**SOURCE MATERIAL**
---------------

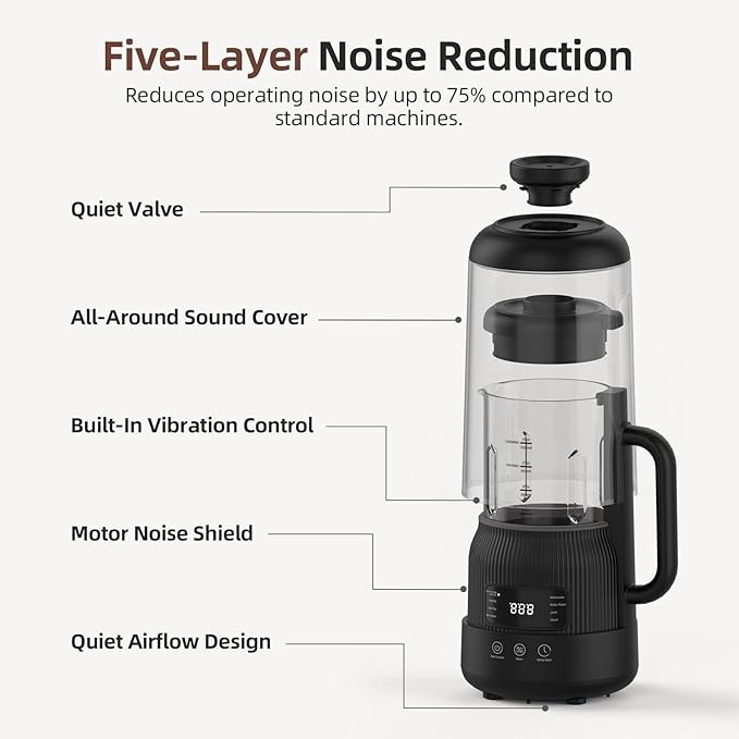 • 【Low-Noise Operation with Soundproof Cover】Enjoy a quieter blending experience with the built-in soundproof cover and shock-absorbing base, reducing noise quieter than traditional blenders. The detachable design includes a transparent viewing window for monitoring at a glance, while the liftable cup ensures safe, mess-free cleaning.
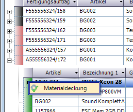Aus der Tabelle Materialdeckung wird bei Selektion einer Zeile die Artikelnummer an andere Fenster übergeben. Das Fenster „Materialdeckung Position", welches den Bestandsverlauf eines Artikels anzeigt, kann auch mit dem Kontextmenü geöffnet werden.
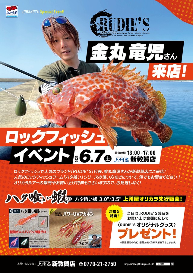 新敦賀店店内にて RUDIE’S(ルーディーズ) ロックフィッシュベントを開催いたします。
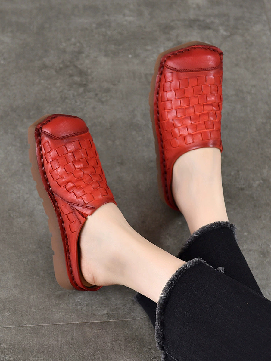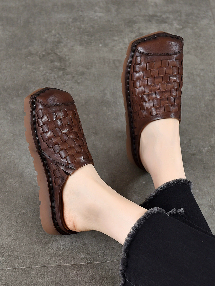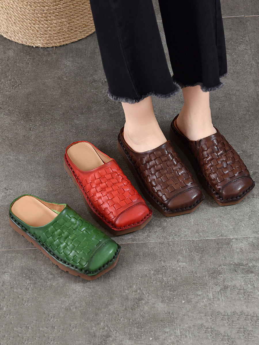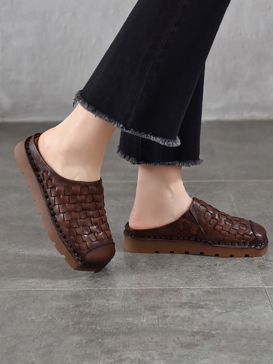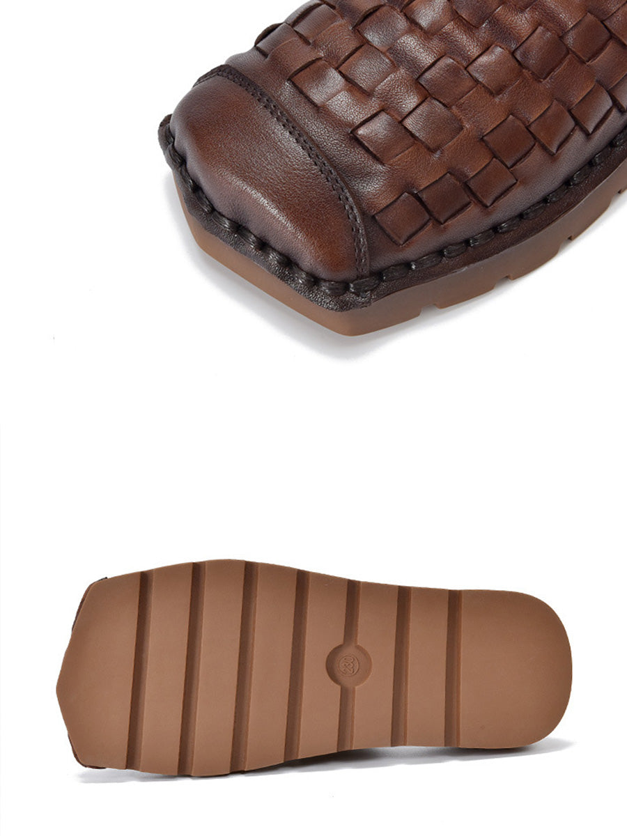 Chinelo feminino vintage de verão em couro legítimo trançado

---------------

**WHAT THE TASK ASKS**
Where pictures occur in the material above, omit them and return everything else exactly.

**OUTPUT OF THE TASK**
 • 【Low-Noise Operation with Soundproof Cover】Enjoy a quieter blending experience with the built-in soundproof cover and shock-absorbing base, reducing noise quieter than traditional blenders. The detachable design includes a transparent viewing window for monitoring at a glance, while the liftable cup ensures safe, mess-free cleaning.
Aus der Tabelle Materialdeckung wird bei Selektion einer Zeile die Artikelnummer an andere Fenster übergeben. Das Fenster „Materialdeckung Position", welches den Bestandsverlauf eines Artikels anzeigt, kann auch mit dem Kontextmenü geöffnet werden.
 新敦賀店店内にて RUDIE’S(ルーディーズ) ロックフィッシュベントを開催いたします。
 Chinelo feminino vintage de verão em couro legítimo trançado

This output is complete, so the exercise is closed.